# [Problem statement]
Starting with the first line of the material, reproduce exactly each line up to and including the one that contains "그리고 주문세부 정보와", leaving out every picture.

# [Given entries]

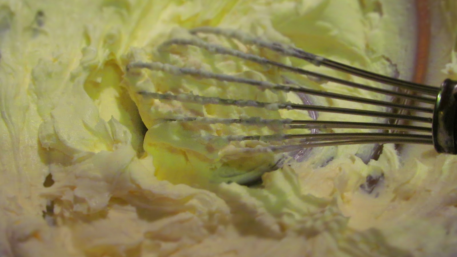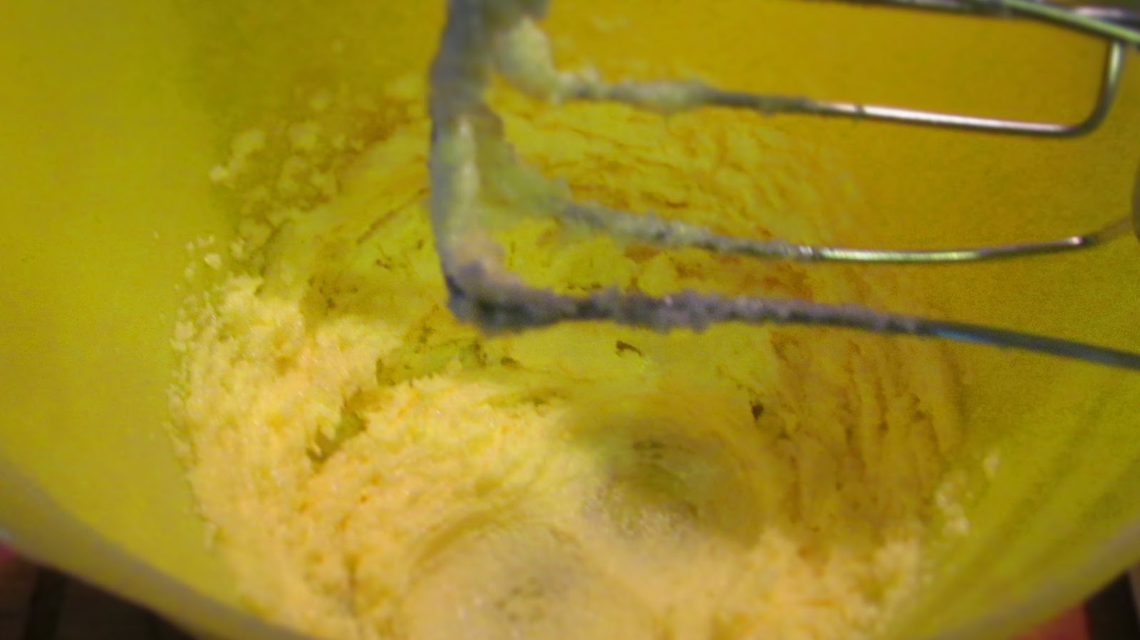 • Маслото и 125 гр от захарта разбивам с помощта на миксер до крем.
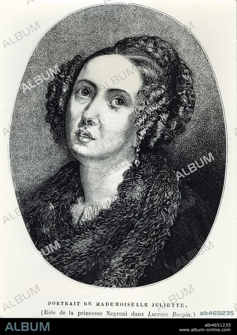 'Portrait de mademoiselle Juliette - Role de la princesse Negroni dans Lucrece Borgia' piece de Victor HUGO (1802-1885). Gravure anonyme de 1833 . Juliette DROUET (1806-1883) devient la maitresse de Victor HUGO suite a cette piece de theatre. Credit : Collection Kharbine-Tapabor
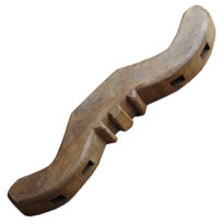 Canga de boi composta por um travessão de arestas arredondadas, recortado em dois arcos ladeando uma parte central reta, com dois furos retangulares e enviesados atravessando verticalmente o centro de cada arco; apresenta no alto da parte central dois cortes transversais.
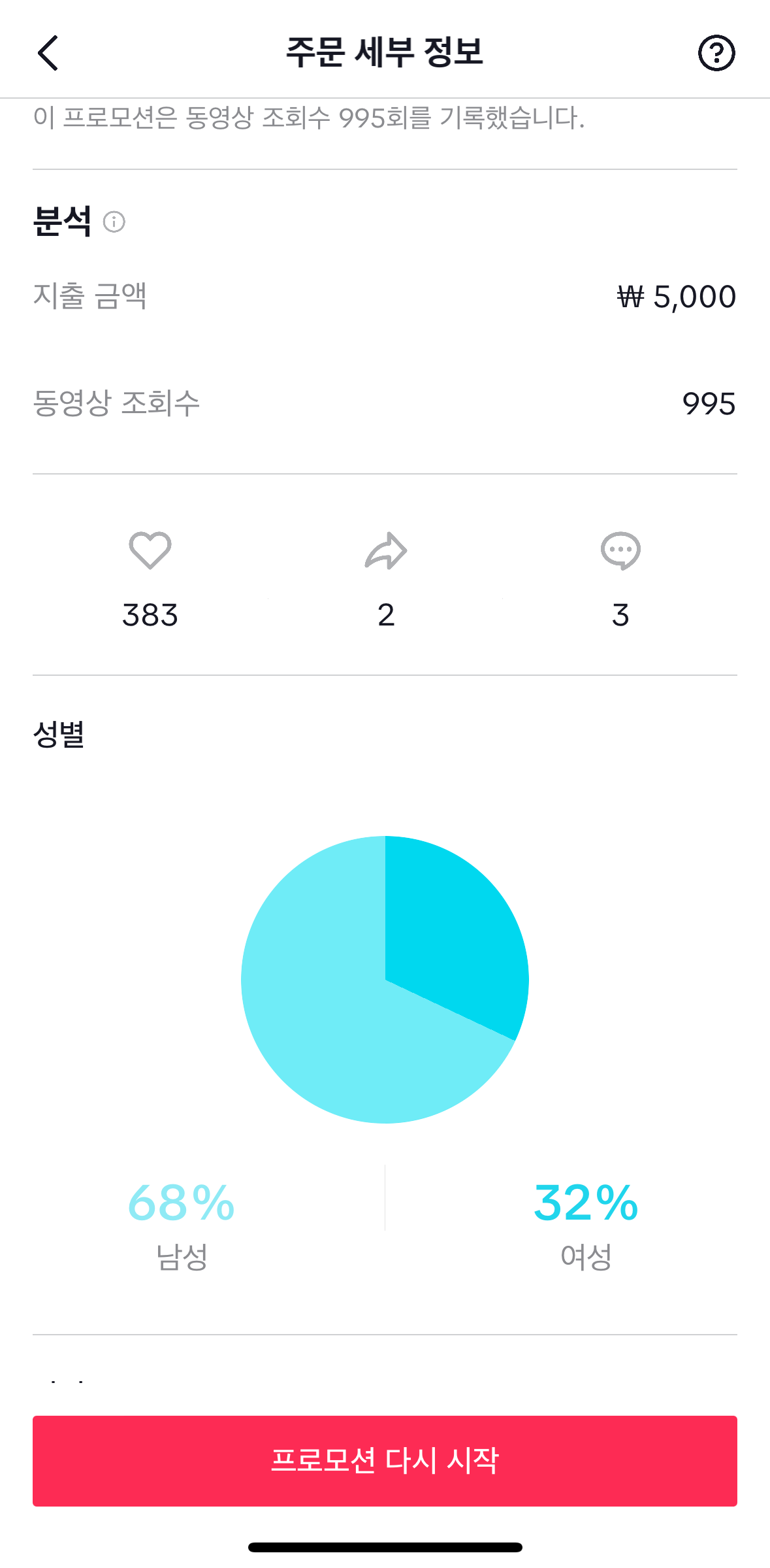 그리고 주문세부 정보와 함께 동영상 조회수, 좋아요 하트수, 공유수, 댓글수 그리고 시청자의 성별과 나이, 어느 나라에서 가장 많이 조회됐는지 나라까지 알 수 있습니다.
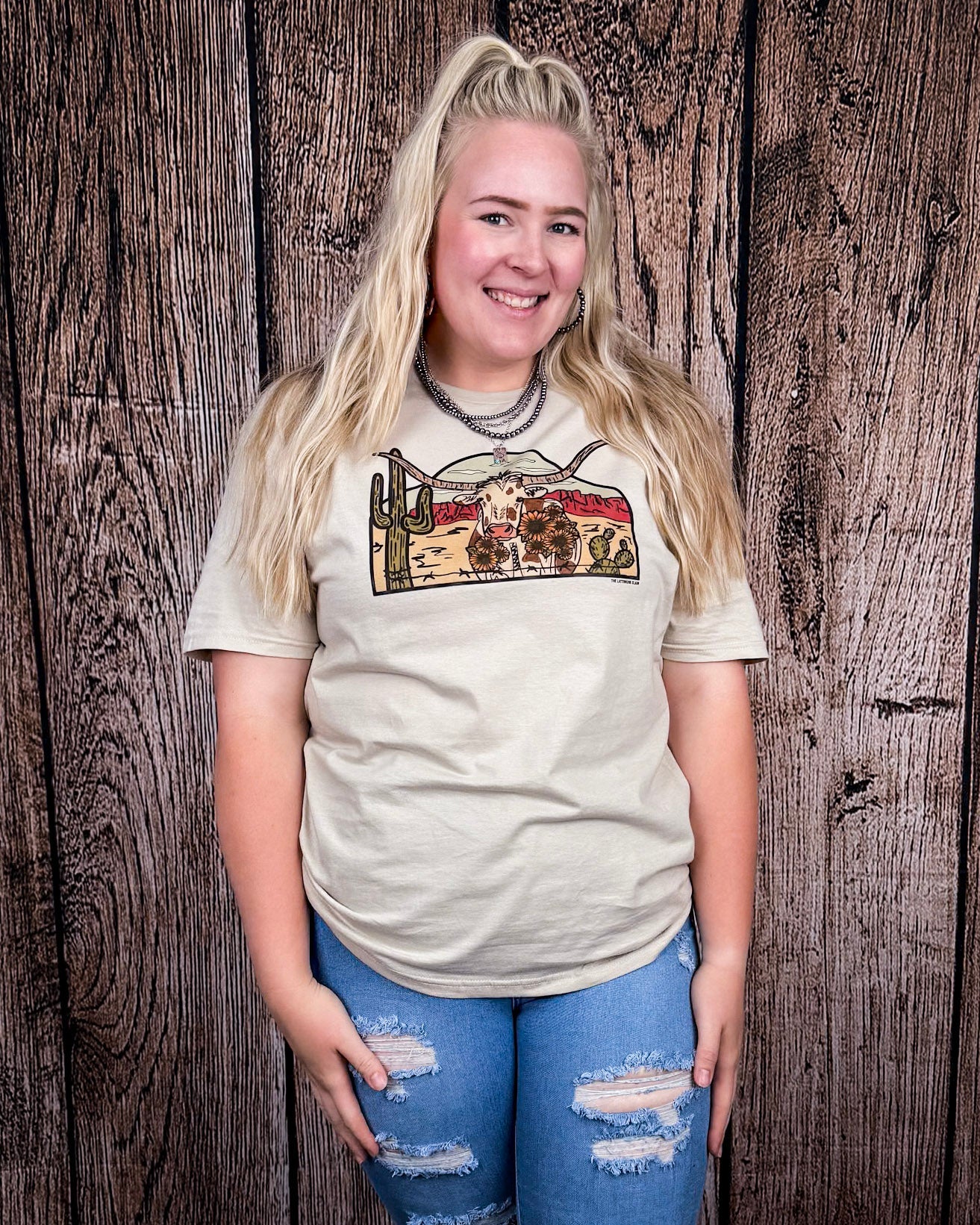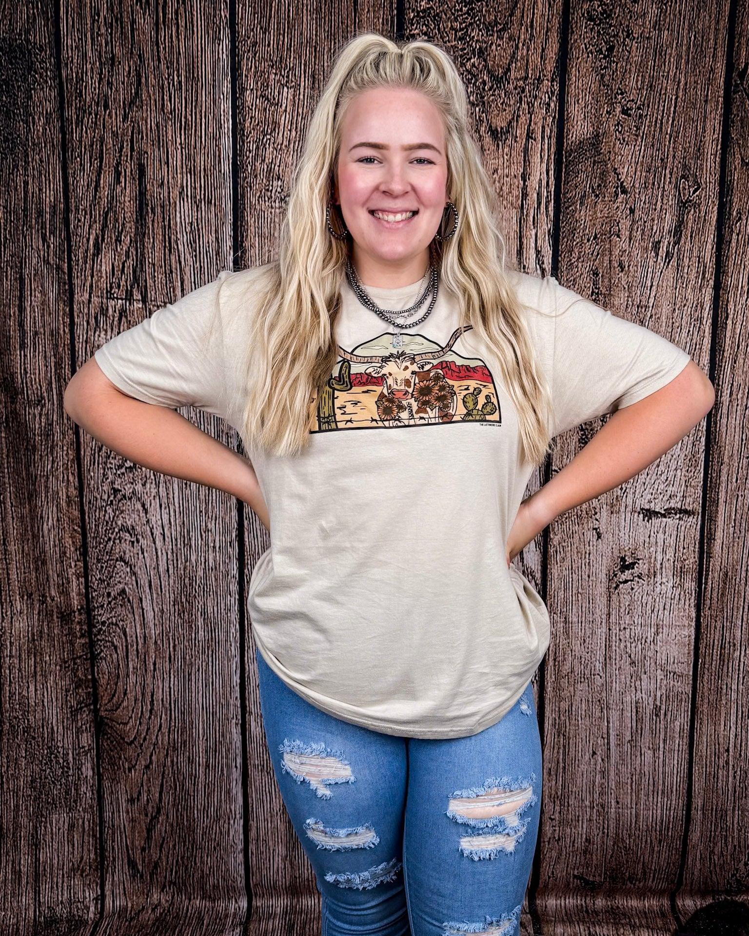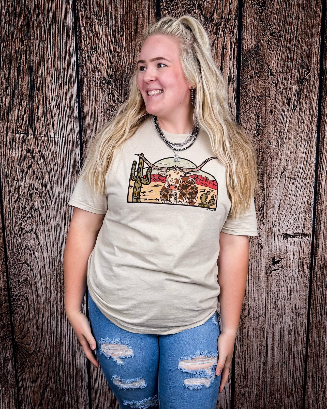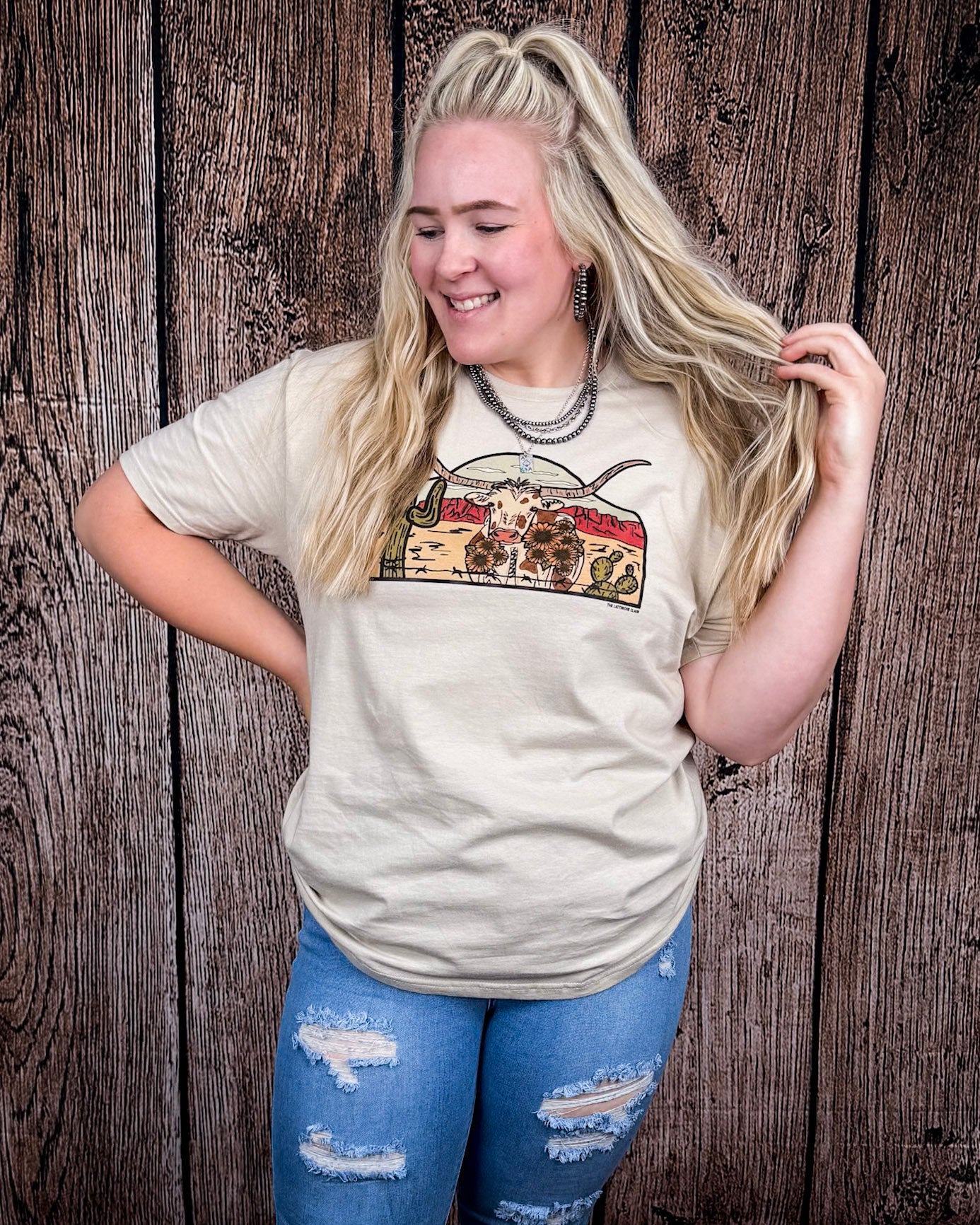 This graphic is full of texture and movement, like a snapshot from a dusty backroad drive—where wildflowers grow beside cacti and longhorns graze under a cotton candy sky. It’s bold without being loud, soft without being subtle, and effortlessly western without trying too hard.
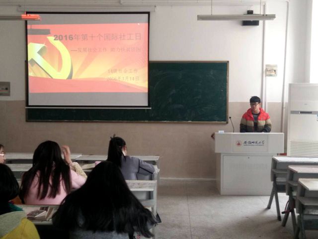 3月14日晚,公司2014级、2015级社会工作专业召开“第10个国际社工日”主题班会,介绍国际社工日的由来,它是国际社会工作者联盟(IFSW)组织主席大卫·琼斯博士倡导发起的;阐明该项活动发起的目的是为社区内弱势人群解决问题,为有需要的人士贡献自己的爱心、知识和技巧;强调作为一名社会工作者,是应该值得骄傲的,不仅在于它的职业特性,更在于职业使命。社工专业的员工纷纷上台发言,表达自身对社会工作专业的认识、对“自助助人”理念的理解等。通过这次班会,同学们对于社会工作的认同感和专业的荣誉感有了增强,对自己的专业发展更有信心,在成为一名合格的社会工作者的道路上更加坚定了信心。
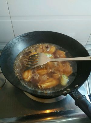 把焯好的鸡翅炒了。(放入蒜 姜 大料 料酒 酱油 最后放葱)

# [Answer to the problem]
 • Маслото и 125 гр от захарта разбивам с помощта на миксер до крем.
 'Portrait de mademoiselle Juliette - Role de la princesse Negroni dans Lucrece Borgia' piece de Victor HUGO (1802-1885). Gravure anonyme de 1833 . Juliette DROUET (1806-1883) devient la maitresse de Victor HUGO suite a cette piece de theatre. Credit : Collection Kharbine-Tapabor
 Canga de boi composta por um travessão de arestas arredondadas, recortado em dois arcos ladeando uma parte central reta, com dois furos retangulares e enviesados atravessando verticalmente o centro de cada arco; apresenta no alto da parte central dois cortes transversais.
 그리고 주문세부 정보와 함께 동영상 조회수, 좋아요 하트수, 공유수, 댓글수 그리고 시청자의 성별과 나이, 어느 나라에서 가장 많이 조회됐는지 나라까지 알 수 있습니다.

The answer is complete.